◆ **Required action**
Please set down word for word every line from the one holding "Enjoy the sights and sounds of San Antonio" to the end of the data below, both included.

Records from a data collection
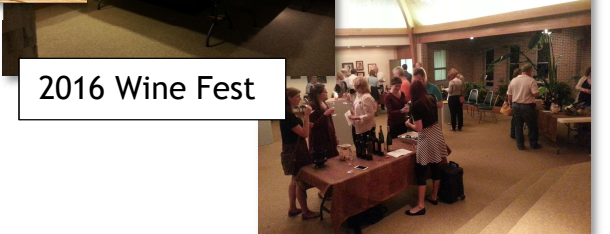
2016 Wine Fest
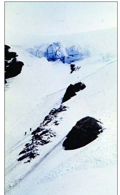
Descent to Fortuna Bay, with avalanche.

By the end of the crossing, my respect for Shackleton had grown even further for the accuracy of his descriptions, especially when one considers the circumstances of this journey. He was constantly accurate in his assessment of distance but less so in height, although even here it was by a constant factor. The three men were after all sailors not mountaineers, and had spent almost two years within a few feet of sea level. I found it all hugely impressive – perhaps the more so because of my training as a surveyor. When, I wondered, did he write it down? And how was he to know that anyone would ever retrace this route? It could have been so easy to exaggerate. But the fact that they did not makes me admire them all the more, and leads me to believe Shackleton's description of events elsewhere in his story, rather than others when they differ.
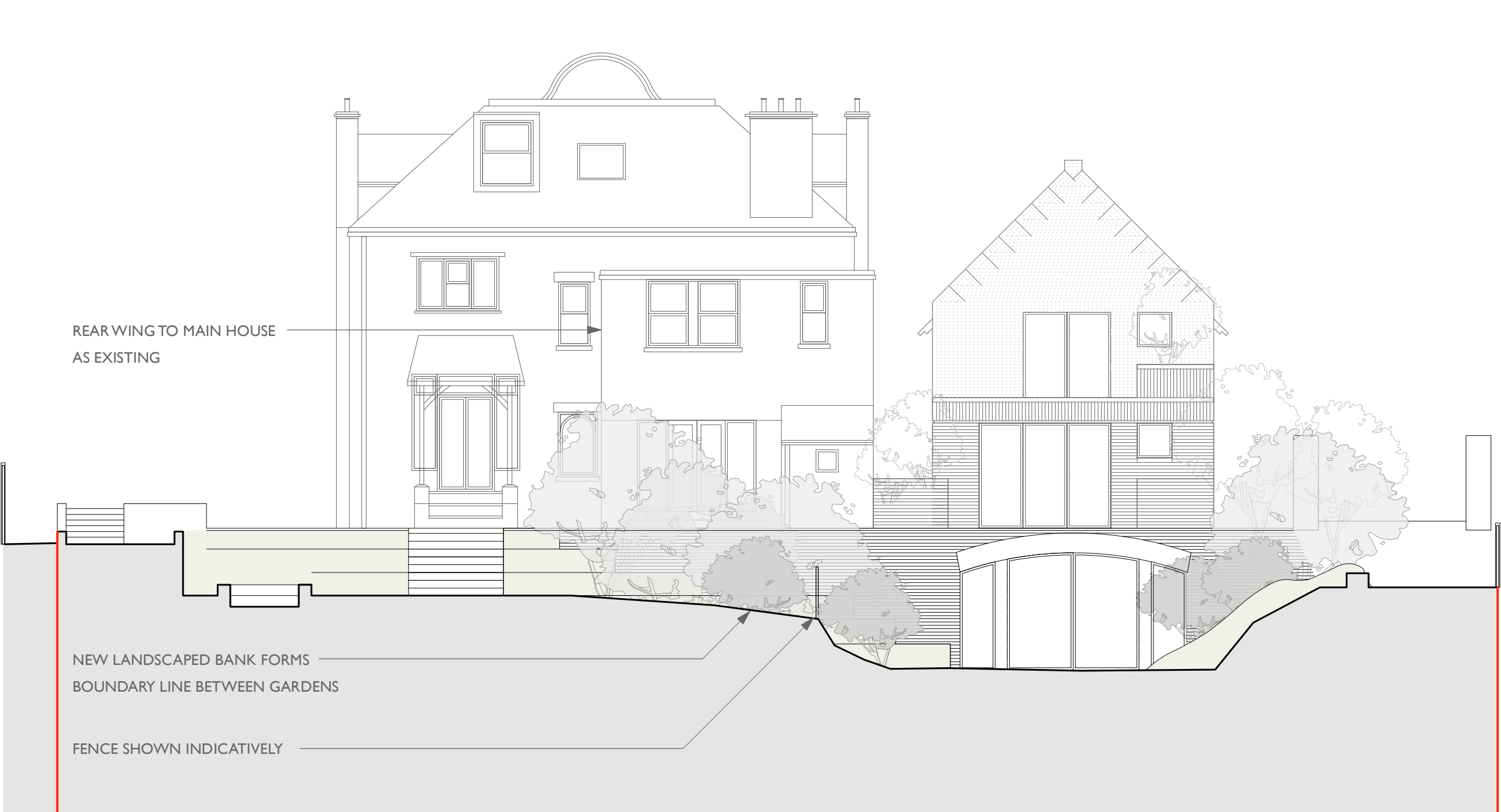
2. NORTH ELEVATION
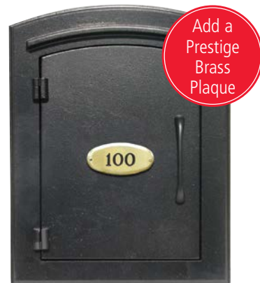
Add a Prestige brass plaque from page 23.
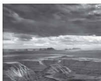
Monument Valley, Evening Clouds, 2004 SGP, 020/100, 2005 16" x 20" $950
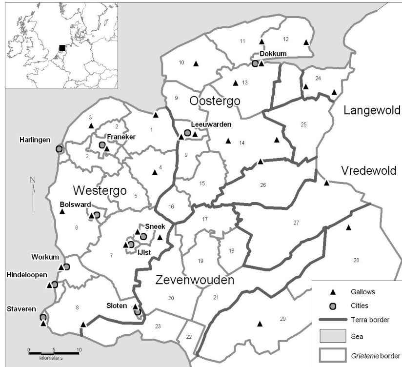
Frisia west of the Lauwers and its political division in the fifteenth century: the terrae , the grietenien and the cities.
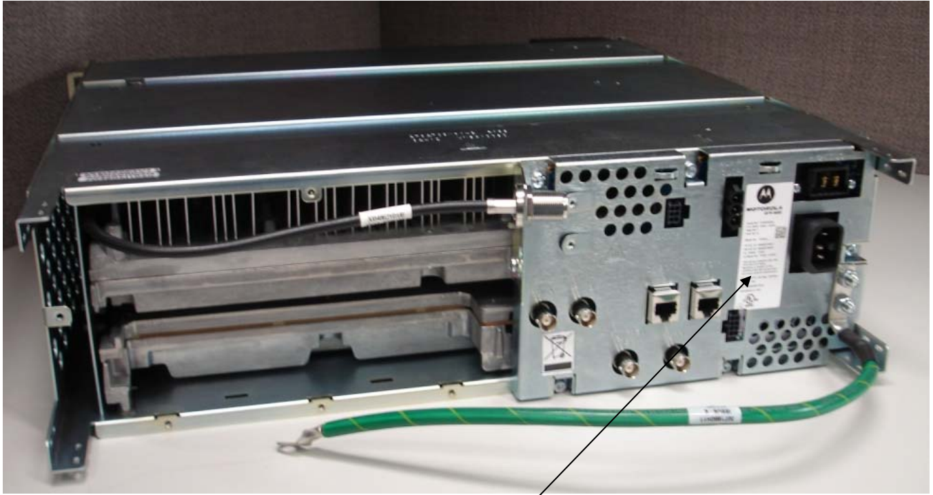
Location of FCC / IC Identification Label

The location of the identification label is on the back of the radio, as shown in the photograph below.
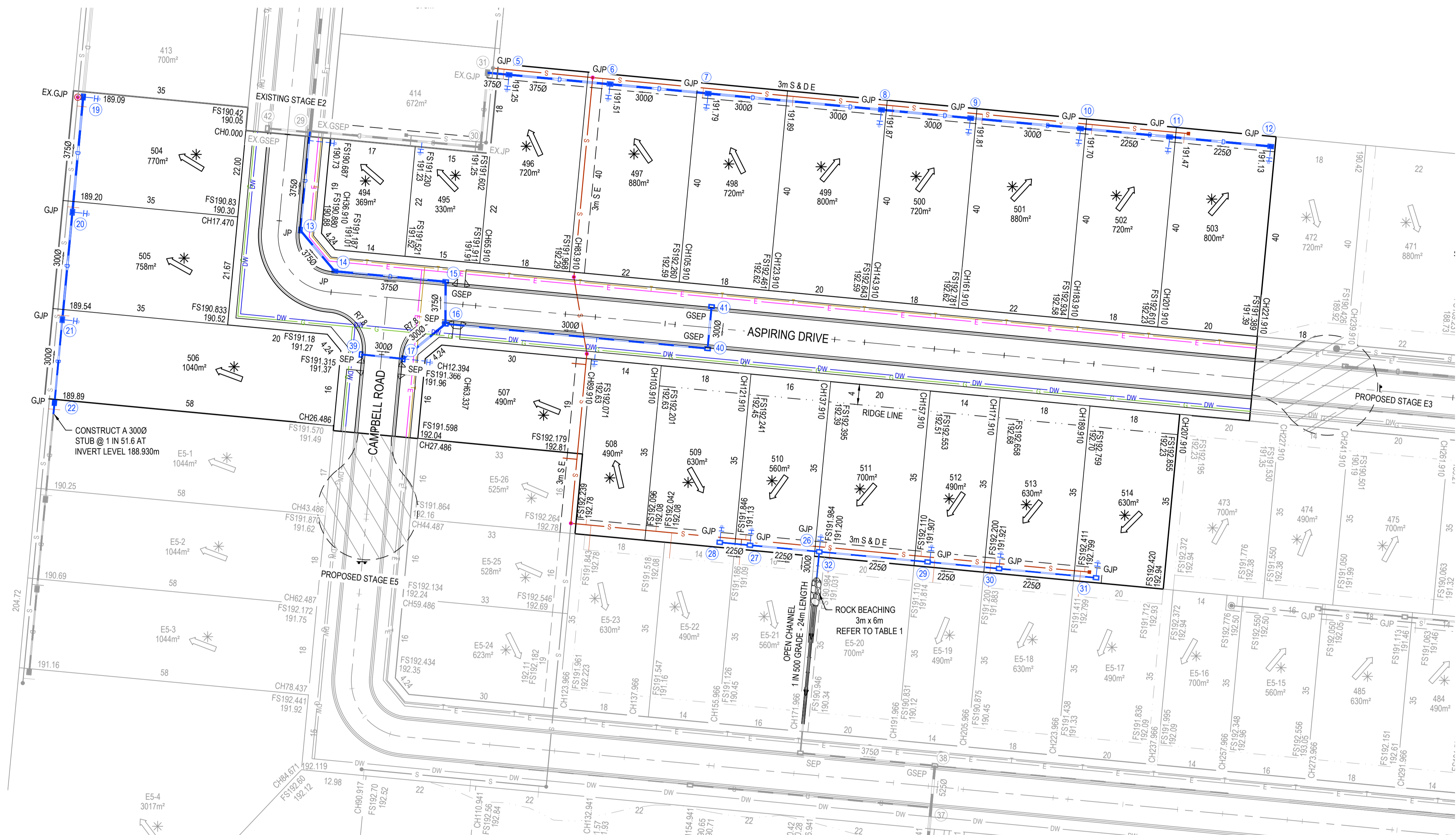
TABLE 1 - ROCK BEACHING SIZING
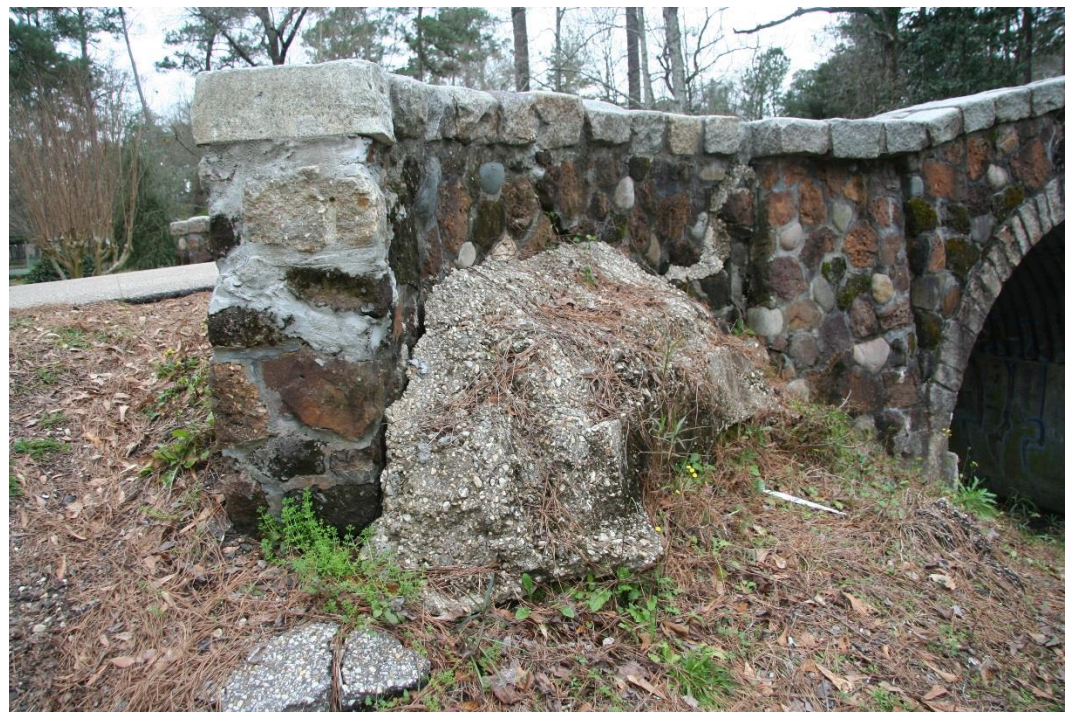
Condition Photo 6: Northeast wingwall; note mortar joints repairs and large chunk of concrete.
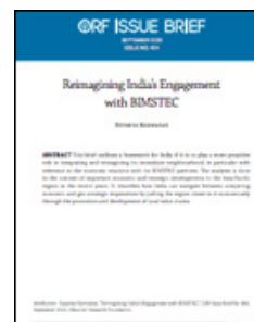
Reimagining India's Engagement with BIMSTEC
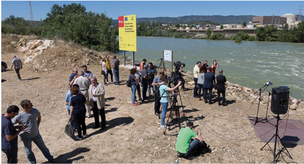
Inauguration of the fishway at Ascó weir on June 15, 2018.
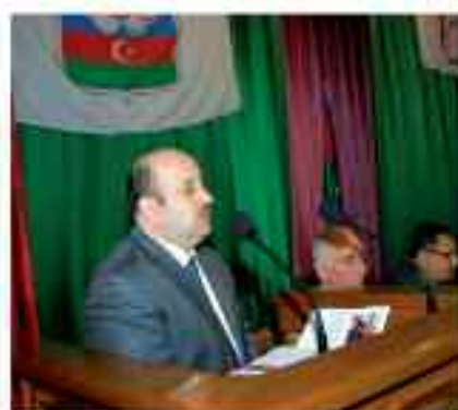
Khazar Isayev is Chairman of the Azerbaijan Fair Play Council.
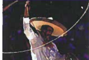
Enjoy the sights and sounds of San Antonio

$75 Due Upon Signing. *Price per person, based on double occupancy. Add $265 for single occupancy. Final Payment Due: 1/2/2019

◆ **Output of the task**
Enjoy the sights and sounds of San Antonio

$75 Due Upon Signing. *Price per person, based on double occupancy. Add $265 for single occupancy. Final Payment Due: 1/2/2019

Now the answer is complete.